Nightwing had expected that, and had said as much to his youngest brother, almost prompting the boy to run off and search by himself. It had taken almost an hour to calm the most recent Robin enough for conversation after that.
"I have come to expect some level of intelligence from you." Robin had said sullenly. He his eyes had the same intensity as his fathers when he looked at his adopted brother. "Do you not recall what happened the last time Drake was alone with that vagrant? At least with The Joker he had a small chance of survival."
Nightwing thought on those words as he readied for his next patrol, and the rest of the weeks early patrols too. He wanted to hope for his brothers, wanted to believe none of them were pat redemption. But he couldn't take the chances, not with Tim's life. It was Jason himself who'd claimed to be past redemption.

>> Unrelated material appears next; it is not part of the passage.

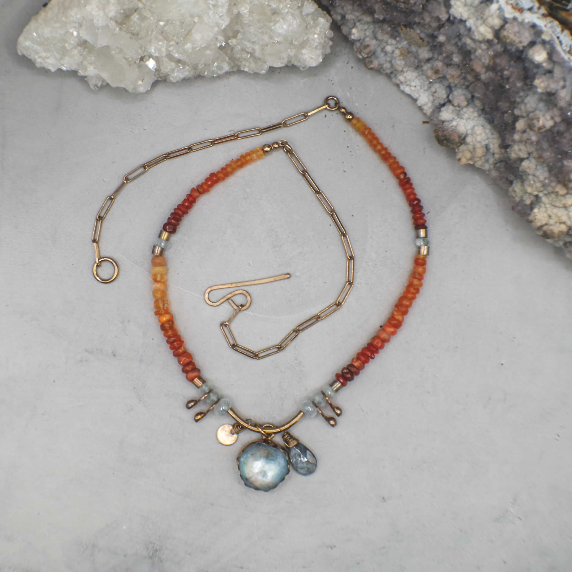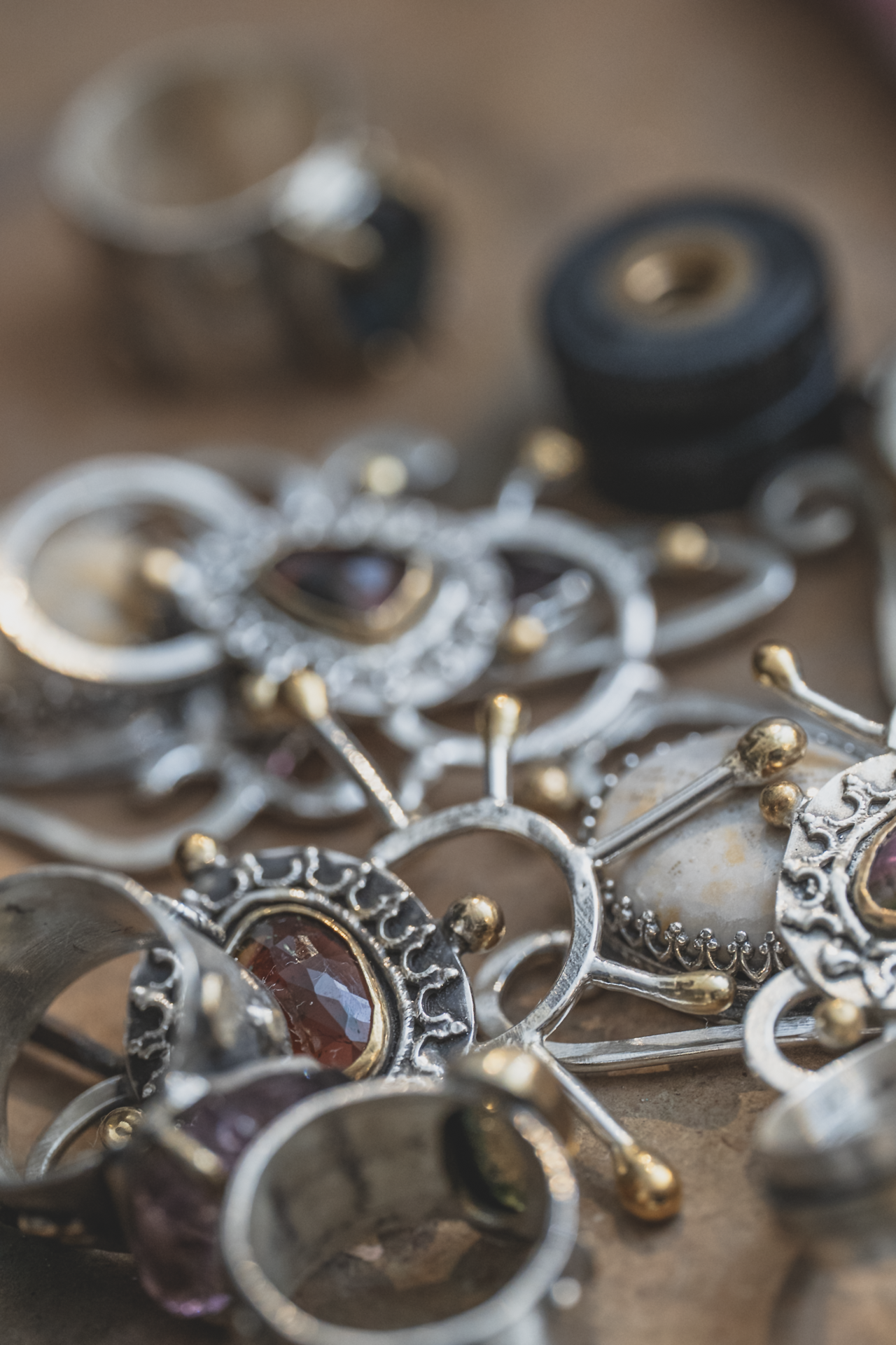 Each piece begins as something found—stone, texture, memory. I work with natural inclusions, hand-cut stones, and recycled metals to create jewelry that feels like it has lived before you found it. No two are ever the same.

Nightwing didn't want to believe it, but he would do anything to protect his little brothers. Even if he had to protect them from each other
Okay, if the kid didn't wake up then the bats were going to need all there meta friends to protect them from what Jason would stir up.
He'd warned them, tried this best to dissuade Tim from continuing when he'd just started out. Now he had a possibly dying kid taking up space in his safe-house's bed. Even looking at the former Robin was hard. The replacement looked so much smaller than he should have. His face constantly twisted into a pained grimace, not a trace of the stern confidence Jason had gotten used to seeing there.
It was messed up. When last had he seen the kid out of costume? Had he always been that small? Even when Jason had, when he'd…
He carefully stuck the fresh bandage in place.
The race from the warehouse had wrecked his nerves more than anything had in a while. It hadn't even occurred to him to take the boy to a hospital. He'd made instead for the safest place he could think of, his most secure safe-house, the one he barely used. After his passenger had nearly fallen of the bike at least three times on the ride Jason was shaking as he'd set up his medical equipment.
When he'd relaxed enough to think properly he'd been too afraid to move the kid, he wasn't in critical condition, but that didn't mean Jason wanted to risk putting him there. Once he'd taken the time to think, Jason decided that he wouldn't be hanging the kid over just try.
Jason hadn't gone through all of that just to have the kid out on the streets and hurt again in no time at all. Letting The Joker go hadn't been meaningless. The maniac was still free even now, it had been a week and the bats hadn't caught him. The Red Hood had been laying low, because the idiots were trying to find him before they found the clown. That mad man was running around, but Nightwing and Robin focused in finding Jason? Batman was at least making an effort, maybe he just didn't want the rest of his little soldiers involved?
It didn't matter, a break wouldn't do more harm than Jason could fix with a little effort. If the kid would just wake up so he could plan his next move. If it came down to it, he's have to save his strength for getting hold of a doctor he could keep quiet.
Jason groaned and knocked his head against the window, thinking about how much easier everything would have been if Tim Drake weren't so well known.